Pacific Star wouldn’t just be keeping profits in the state, Thompson said, but plans to redeploy half of its cash flow to build natural gas infrastructure in Alaska. The company commissioned Northern Economics to look at the impacts of Alaska ownership and redeployment of cash flow.

Over the expected 30-year life of a natural gas pipeline project, with Alaskan owners having at least 10 percent of the line from the slope to Alberta — or 20 percent from the slope to the Canadian border — Northern Economics found that with the multiplier effect the incremental impact would be more than 32,000 additional part-time and full-time jobs over the 30 years and the cumulative dollar value would be $1.8 billion. That’s over and above benefits from a gas line owned by outside companies.

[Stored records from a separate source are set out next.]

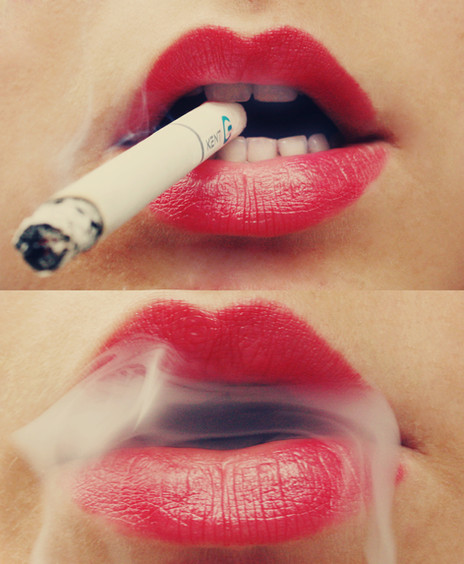 And I heard someone trying to argue that smoking isn't sexy anymore... Just look at this stunner! Smoke + luscious red lips = increased heart rate. Very, very well done.
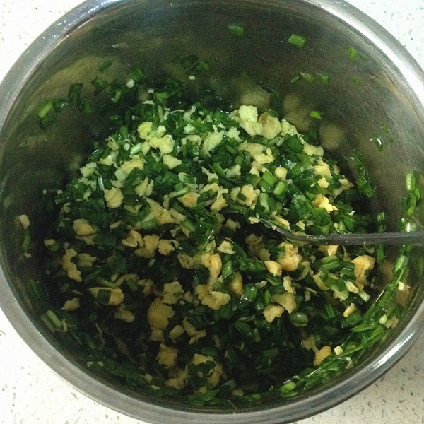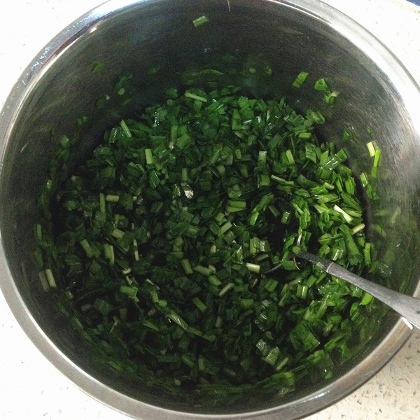 1、韭菜擇凈清洗后控干水份,切碎后加入4勺食用油拌勻,油把韭菜的切面都封住可以避免韭菜出水。
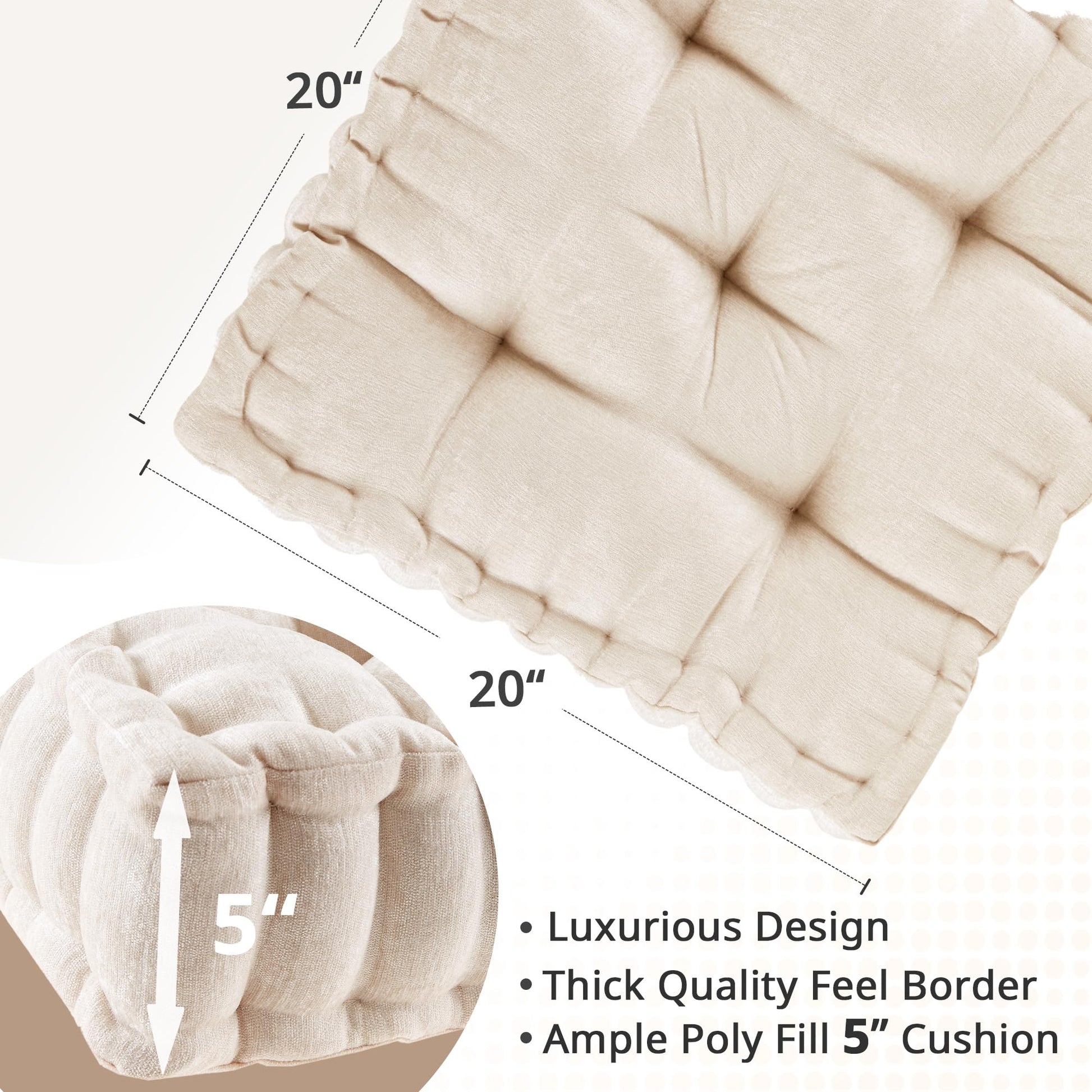 Intelligent Design Azza Floor Pillow, Large Cushions Sitting for Adults, Floor Pillow for Meditation or Yoga, Lustrous Chenille Tufted with Scalloped Edges for Bench/Chair Cushion, 20"x20"x5" Ivory
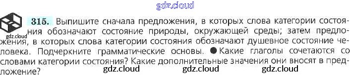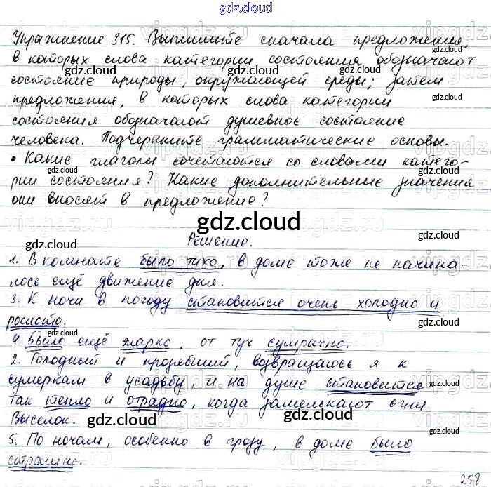 Ответ на задание 315 Учебник Русский язык за 7 (седьмой) класс Баранов, Ладыженская, Тростенцова УМК 2015
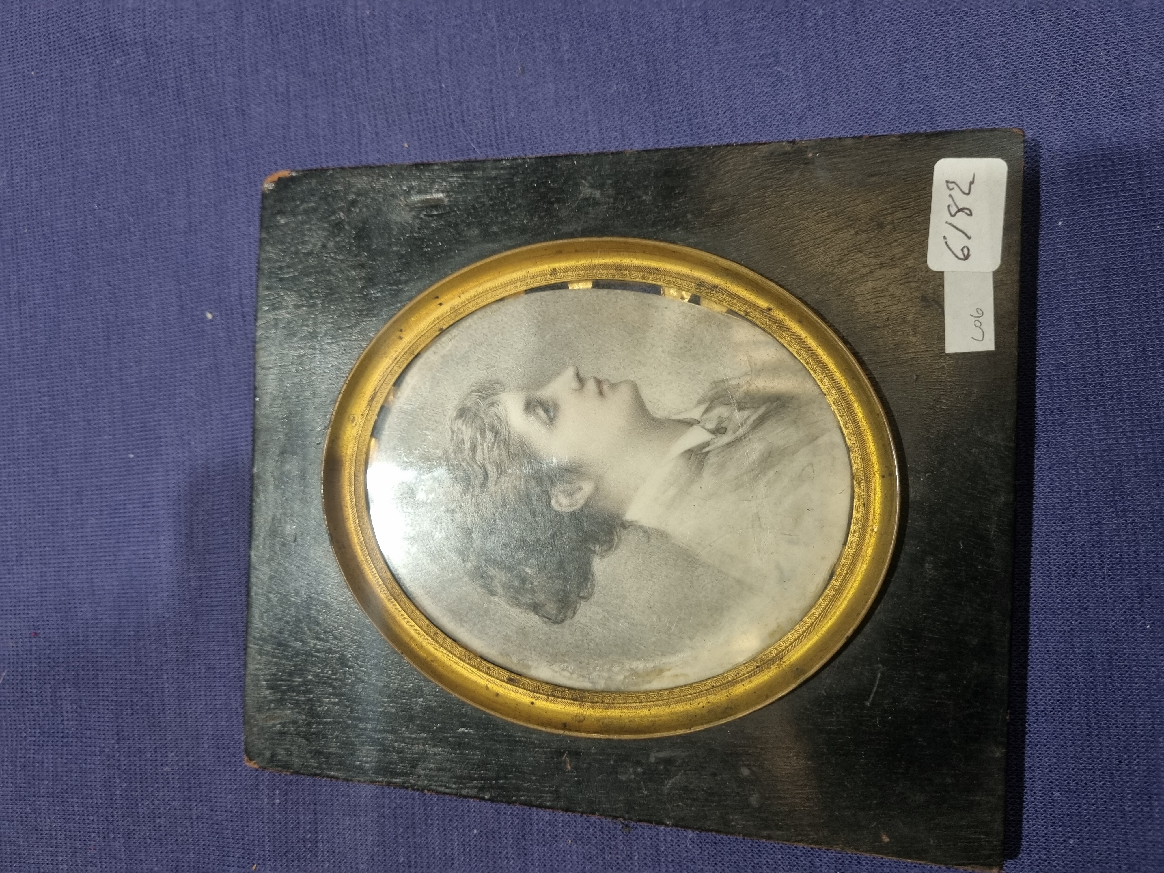Attributed to Cameo Creation, this monochromatic portrait print, possibly a silver gelatin print, depicts a woman in profile with her gaze directed upwards. The image is presented in an oval format behind glass, housed within a decorative gilt metal slip featuring a repeating geometric border. This assembly is mounted onto a square black wooden plaque. The presentation is characteristic of mid-20th-century decorative portraiture. Faint, illegible characters are visible at the top edge of the image within the aperture. The wooden mount features two white adhesive inventory stickers with the handwritten notations 6182 and L06. No definitive maker marks or artist signatures are visible.

And, he said, Pacific Star Energy — in the first year or two of pipeline operation — would become just about the largest asset firm in Alaska, and certainly the largest in the energy industry. But that isn’t the end of the company’s plans, Thompson said.

“The most wealth in the oil and gas business is in owning the resources.”

Once a gas pipeline was in operation, he said, Pacific Star would “backwards integrate and by 2016 to ’25 we would also become a natural gas reserves holder and a natural gas producer by redeploying our cash flow from the gas pipeline as well as the other (natural gas) infrastructure in the state.”